Yes, almost all of the valuation-ratio shifts will be reversed in the medium-long run.
But patient capital is very rare, and how much you can leverage up is steeply constrained by the fact that you have to survive until the medium-long run actually comes.
Thus I once again return to something I have long known: Yes, stocks for the long run. But the smartest thing ever written in this literature is Andrei Shleifer and Robert W. Vishny (1997): The Limits of Arbitrage…
"start in January 1871 with an initial wealth W,
choose a leverage L,
invest W*L in the stock market,
invest W*(1-L) in safe long-term Treasury bonds,
reinvest interest and dividends,
pay no taxes,
incur no transactions costs,
and rebalance every January.
"
How does the average person have leverage of > 1 as this means shorting LT treasuries?

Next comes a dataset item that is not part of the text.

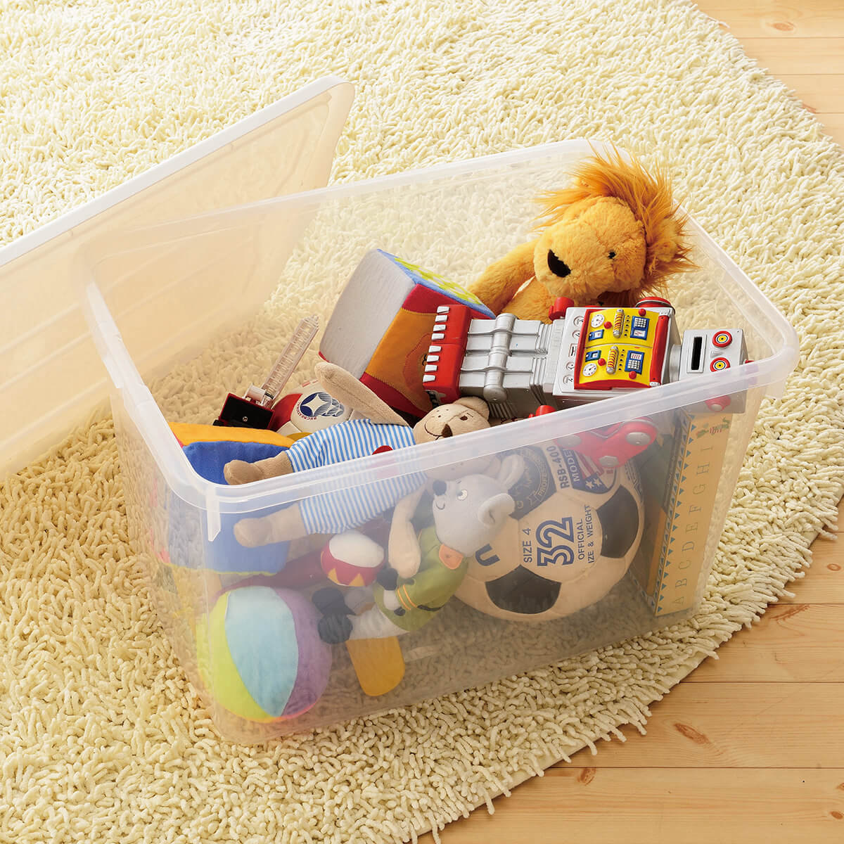 ワンタッチで開閉できるロックが付いた収納ボックスです。ぬいぐるみやボールなど、大きめの物の収納におすすめです。おもちゃや衣類、日用品など何でも気軽に収納していただけるフリーボックスです。

How can you avoid transaction costs AND rebalance [what exactly] annually.
This all seems as nonsensical as technical trading on prices ASSUMING NO TRANSACTION COSTS.
L=1 means 100% equities. Where is the 1987 stock market drop? Not visible. How can that be?
The analysis should assume any starting point and evaluate the 10 year returns. How many years do you get real value losses? [Wasn't this the case 1970-1980 - that is visible in teh charts?]
Math typo? What does W*(1-L) mean when L>1, as is the case for optimal L = 1.6?